Overview of the most interesting materials on data analysis and machine learning №13 (September 8 - 14, 2014)
I present to you the next issue of the review of the most interesting materials on the topic of data analysis and machine learning. In this release, there are a lot of interesting examples using the R and Python programming languages. There are also some interesting articles on machine learning competitions. Quite a lot of materials that will be interesting to beginners in the topic of data analysis and machine learning. Traditionally, a number of materials are devoted to the topic of Data Engineering.
Time series classification: KNN and DTW The author gives an example of time series classification using K Nearest Neighbors & Dynamic Time Warping. The examples are implemented using the Python programming language.
Machine Learning Cheat Sheet I met a very interesting document on the machine learning crib, which will help to quickly refresh knowledge on the subject.
Visual evidence that neural networks can calculate any function I have already mentioned the draft version of the book “Neural Networks and Deep Learning”, in this case it is a chapter from a book that seemed to me very curious, called “A visual proof that you can compute any function”.
Bike Sharing Demand on Kaggle: sample code I want to give a small simple example of a code from a Kaggle machine learning competition called Bike Sharing Demand, in which participants are invited to predict the hourly quantitative need for bicycles at rental locations in Washington, DC
K-Medium Image Clustering A small illustrative example of the use of k-means clustering (k-means clustering) in relation to the image. The example uses the programming language R.
Building a spam filter on R A fairly simple example of code for building a spam filter using the R programming language, as well as using the Caret machine learning library and learning using the support vector machine (SVM).
From hemp to trees and forests Another article from the blog Microsoft Technet Machine Learning Blog. This time, Chris Burges speaks in a rather simple language about decision trees.
Apache Kafka Introduction This article from the Cloudera blog is an introduction to Apache Kafka distributed messaging system.

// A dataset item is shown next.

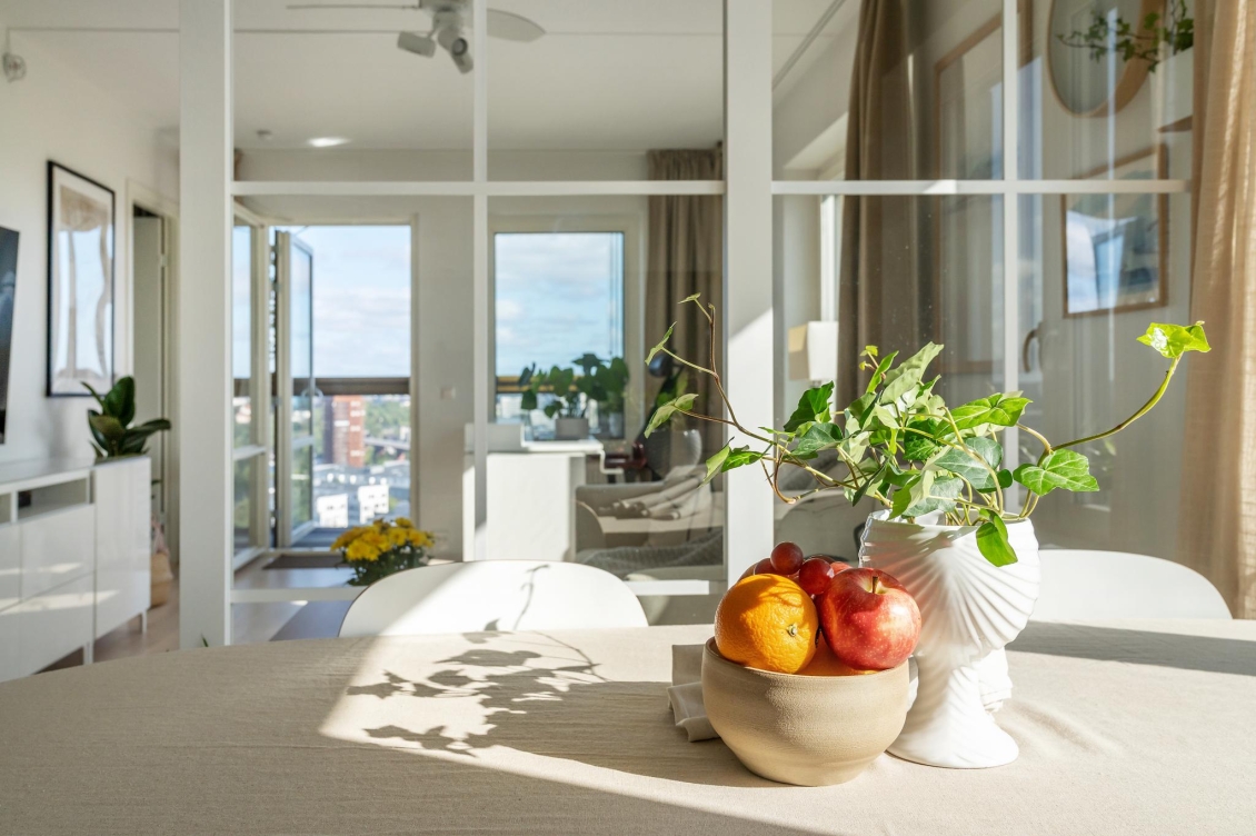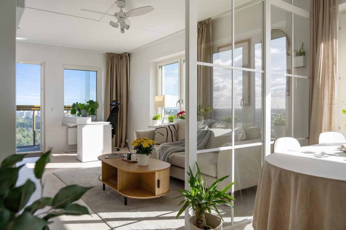 Stilren och ljus tvåa med inglasad balkong– högt läge med otrolig utsikt

Online course "KIx: KIexploRx Explore Statistics with R" For the first time, edX started a course called edIX: KIexploRx Explore Statistics with R. The course will be primarily interesting to those who want to get acquainted with the programming language R and its practical application.
Efficient indexing in MongoDB 2.6 A small article telling how to properly use indexing in the MongoDB NoSQL database, including new indexing features that appeared in version 2.6.
Video lectures from the “Learning From Data” course On September 25, a new session of the very popular online course will begin with edX “Learning From Data” by the California Institute of Technology and Professor Yaser Abu-Mostafa as the main instructor. But now the complete set of video lectures and practical tasks is available.
How data centers work The description of the work of data centers in the United States, presented in the form of visual infographics.
High Performance Material Review Weekly digest of the most interesting materials on high performance from the popular HighScalability portal.
180 top bloggers A list of the top 180 Data Science bloggers proposed by DataScienceCentral.
Top Big Data Sites A list of 6 Big Data resources that may be of interest to big data specialists, although most of you already know most of the resources.
Introduction to Big Data Architecture This article from the Cloudera blog is a good introduction to the Big Data architecture topic and a description of what the Big Data Engineer does.
Sample forecasting on R A small example of using the R programming language for forecasting from the Global Energy Forecasting Competition 2014 machine learning competition.
Data Mining News A small list of interesting resources on Data Mining on September 10.
The best materials of the month List of the best articles of the month on the topic of data analysis on the version of the popular DataScienceCentral portal.
The third annual Russian AI Cup championship has begun. According to the Mail.Ru Group's blog on Habrahabr, the third annual Russian AI Cup championship called “CodeHockey” began. Last year I reached the finals of CodeTroopers and in general it was quite interesting, although very time-consuming. This year I also plan to try my hand at this competition.